I guess if you're an AI agent trying to buy a stock based on a breaking news alert, by the time you've finished your "search and retrieve" cycle, the market has already moved.

A micro-trained model has that knowledge in its parametric memory. It is instant. We saw a benchmark study in late twenty-twenty-five comparing a standard RAG system using Tavily versus a model with embedded updates, and the latency difference was about two hundred milliseconds for the embedded model versus nearly three seconds for the RAG setup. Beyond just speed, there's also the "context window tax." If you use RAG, you're stuffing thousands of tokens into the prompt every time. With a micro-trained model, the context window stays clean for the actual task at hand.

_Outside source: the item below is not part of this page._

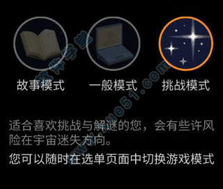 挑战模式适合喜欢挑战与解谜的您,会有些许风险在宇宙迷失方向。

That is a massive difference if you are scaling to millions of users or high-frequency tasks. But what about the "truth" problem? If we are auto-feeding news into a model’s weights every few days, how do we stop it from absorbing misinformation? With RAG, I can see the source. I can see that the model is reading a sketchy tabloid. If it is baked into the weights, the model just states it as an inherent fact.

That is the second-order effect that worries me the most: hallucination amplification. If the micro-training pipeline ingests a "hallucinated" or "fake news" article and updates the weights, that error is now part of the model’s worldview. It is much harder to "unlearn" a weight update than it is to just ignore a bad RAG result.

It’s like the difference between a friend telling you a rumor they read—where you can say "that sounds fake"—and you actually believing the rumor is a fundamental law of physics.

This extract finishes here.